Aslof doen alsof niet ook gewoon doen is
lees het bij Hans Venhuizen
A CHILDREN’S PLAYGROUND was constructed on the Van ’t Hoffplein in Hilversum East’s Liebergen neighbourhood, using the floor plans of the houses designed by Dudok that stand around the square. These were largely demolished and rebuilt in the spirit of Dudok. The floor plans are outlined in the asphalt on the scale 1:1, which reveals how small the houses originally were. In the design, the rooms are clearly identifiable as living rooms, kitchens or bathrooms. The playground equipment takes full advantage of the floor plans: the benches stand in the living rooms, the rubbish bins in the kitchen and the swings in the garden, while the slide begins in a stairwell.



The original floor plans provide inspiration for games and at the same time retain something of the houses designed by Dudok in their original setting. This means that ‘De Speelhoff’ – ‘The Play Court’ – is effectively a ‘Dudok for beginners’.

The playground can only be visited during the day and is open to parents or carers accompanying children up to eight years old. The grounds are fenced off and are accessible from the Van ’t Hoffplein via a gate. This gate, which Hans Venhuizen designed in association with the typographer Wigger Bierma and the designer Olivier Scheffer, blends into the surroundings in a distinctive manner.
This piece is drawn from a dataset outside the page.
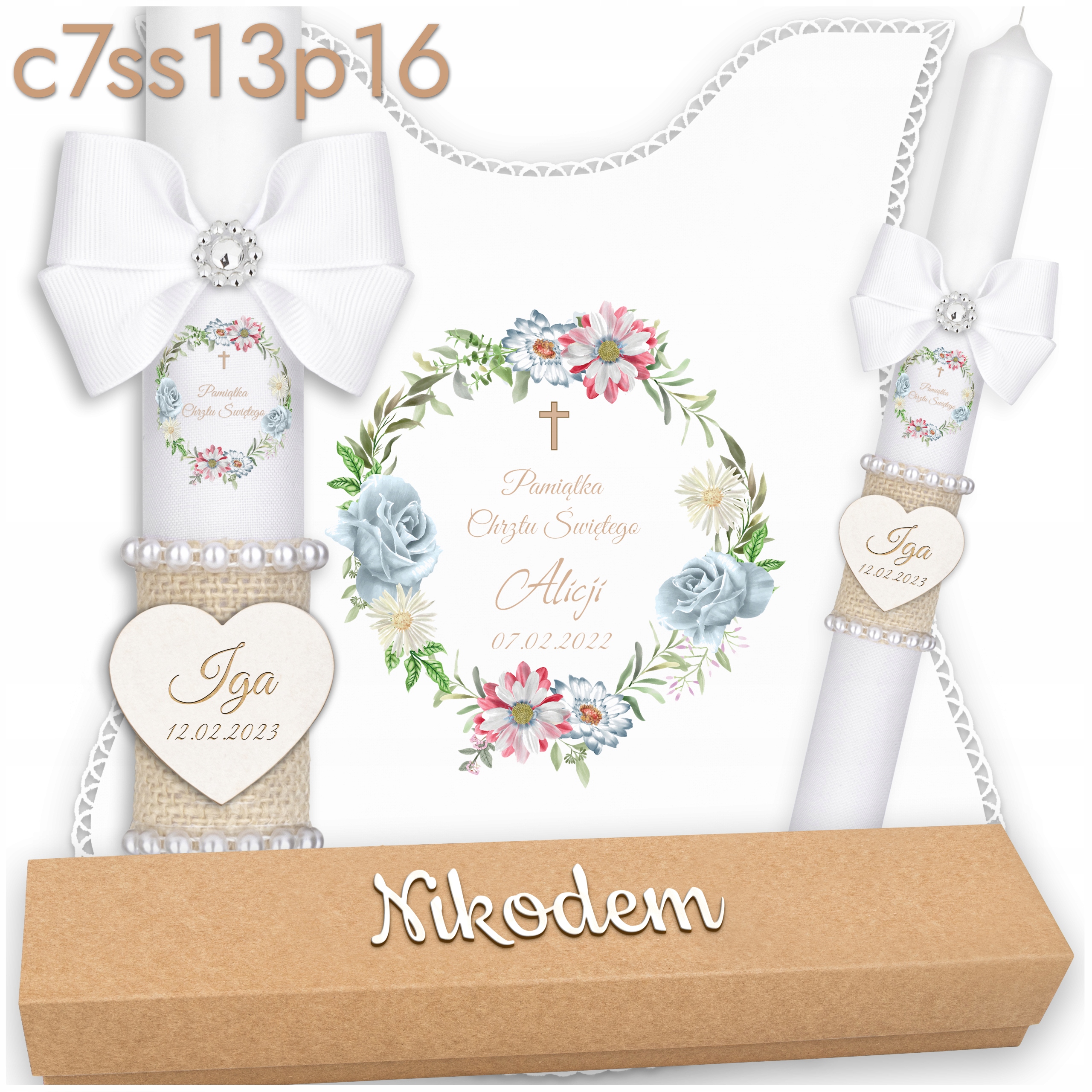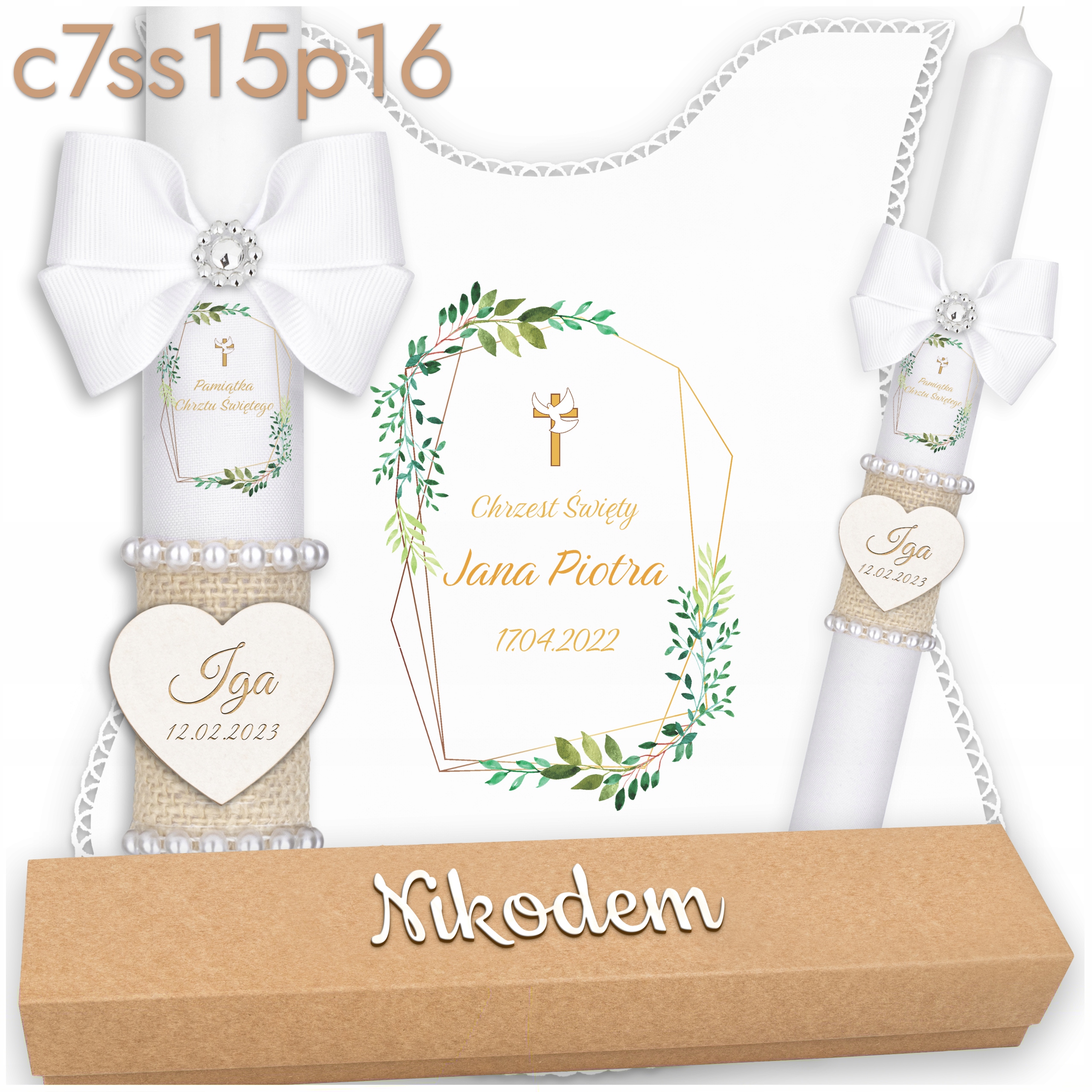 Свічка хрещення + білий халат + поле імен

It was inspired by one of the most beautiful gates designed by Dudok, namely those at the Noorder Begraafplaats cemetery in Hilversum, from which the rhythm of the railings is derived directly

The gateway incorporates a text. This text cannot be read from the side where people enter; the letters primarily serve as obstacles that make it more difficult to climb over the railings. The text can be read when leaving the playground: ‘Alsof doen alsof niet ook gewoon doen is’ – ‘As if pretending isn’t the same as simply doing.’ 

After the children have had their fun at the playground, with the pretend interiors inside the pretend houses, which take on a perfect domestic intimacy for the duration of the game, the text on the gate is extraordinarily reassuring: ‘As if pretending isn’t the same as simply doing.’ After all, for children it is fine to pretend, thus training their ability to hold their own in the adult world. Providing they are able to read and understand the text, children can leave the playground invigorated and fortified thanks to the elevation of ‘pretending’ to actually ‘doing’

For adults, however, this reassurance is more likely to have a disturbing effect. They, after all, are not leaving behind the ‘pretend’ environment but are actually entering it. The environment they are returning to is namely that of the fake Dudok: modern architecture pur sang that is doused in a Dudok sauce. A sauce in good taste, to be sure, and certainly competently assembled. However, it is a sauce that primarily speaks of nostalgia, for a past that is less threatening and less uncertain than the future.

When the attentive Speelhoff visitor leaves the playground with the sentence on the gateway in his or her mind, the only possible conclusion is that ‘pretending’ has now become extraordinarily ordinary.